CLIMATE WATCH - The  Intergovernmental Panel on Climate Change, released April 4, warns that global emissions must peak in just three years to stay below the 1.5°C warming ceiling for a livable future.

“I started to think about the parallels between climate change and this war,” Ukraine’s leading climate scientist, Svitlana Krakovska, told The Guardian. “It’s clear that the roots of both these threats to humanity are found in fossil fuels.”

But also in delay. The world has known about fossil fuels’ climate threat at least since James Hansen’s congressional testimony in 1988, shortly after which President George H.W. Bush promised to counter the greenhouse effect with “the White House effect,” the first of countless broken promises over three plus decades of delay.

As a result, the most recent report from the Intergovernmental Panel on Climate Change, released on April 4, warns that global emissions must peak in just three years to stay below the 1.5°C warming ceiling for a livable future — a target that could easily have been hit with gradual changes begun decades ago, but that now calls for cuts so drastic that scientists involved with Scientist Rebellion declared flatly that “1.5°C is dead.”

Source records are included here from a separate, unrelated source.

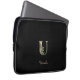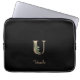 Elegant svart laptop sleeve har ett botaniskt monogram guld i mitten.
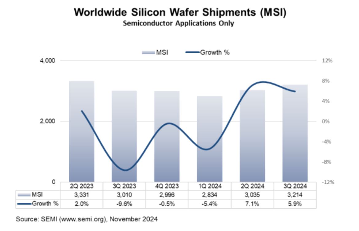 Selon l’organisation Semi Silicon Manufacturers Group (SMG), les expéditions mondiales de tranches en silicium ont augmenté de 5,9% au 3e trimestre 2024, en variation séquentielle. Elles ont également progressé de 6,8% par rapport au 3e trimestre 2023.
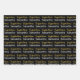 Ce papier d'emballage noir a un faux (pas de feuille) script d'or qui dit Félicitations. Il contient également du texte blanc pour le nom du destinataire. (Montré : Samantha) Le texte est dans un motif.

Following the report’s release, Scientist Rebellion staged direct non-violent actions of civil disobedience in 27 countries, involving more than 1,000 arrests. In Los Angeles, four members chained themselves to the doors of JP Morgan Chase, the bank that’s funded more new fossil fuel projects than any other, according to a recent NGO report “Banking on Climate Chaos.”

One of the four, NASA climate scientist Peter Kalmus, tweeted ahead of time, “Brief summary of the new IPCC report: We know what to do, we know how to do it, it requires taking toys away from the rich, and world leaders aren’t doing it.”

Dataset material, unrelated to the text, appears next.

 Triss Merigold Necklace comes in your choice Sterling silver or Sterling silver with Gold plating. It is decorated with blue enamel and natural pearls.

“Climate activists are sometimes depicted as dangerous radicals, but the truly dangerous radicals are the countries that are increasing the production of fossil fuels,” U.N. Secretary-General António Guterres said in a press briefing when the report was released. “Investing in new fossil fuels infrastructure is moral and economic madness.”

Yet, that’s just what’s being contemplated at every level from President Joe Biden, who announced the intention to expand production and export liquefied natural gas to Europe in response to Russia’s war, down to the Port of Los Angeles, where staff is pushing a proposal to nearly double crude oil throughput at the Phillips 66 terminal without even doing an environmental impact report.

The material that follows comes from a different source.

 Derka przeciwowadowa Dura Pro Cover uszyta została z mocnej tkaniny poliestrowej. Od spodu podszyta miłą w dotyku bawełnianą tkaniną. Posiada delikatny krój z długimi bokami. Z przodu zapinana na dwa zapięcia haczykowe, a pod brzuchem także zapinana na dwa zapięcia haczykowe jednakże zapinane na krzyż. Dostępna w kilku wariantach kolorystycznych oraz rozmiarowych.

The report itself was almost as clear: “the Paris climate goals could move out of reach unless there are dedicated efforts to early decommissioning, and reduced utilization of existing fossil fuel infrastructures, cancellation of plans for new fossil fuel infrastructures, or compensation efforts by removing some of the CO2 emissions from the atmosphere.”

The last option, carbon capture and storage or CCS is especially controversial. Overshooting the 1.5°C ceiling has made it a virtual necessity in the long run, but for now it remains “extremely expensive and energy-intensive, even as the costs of alternatives have plummeted,” as Inside Climate News reported in March.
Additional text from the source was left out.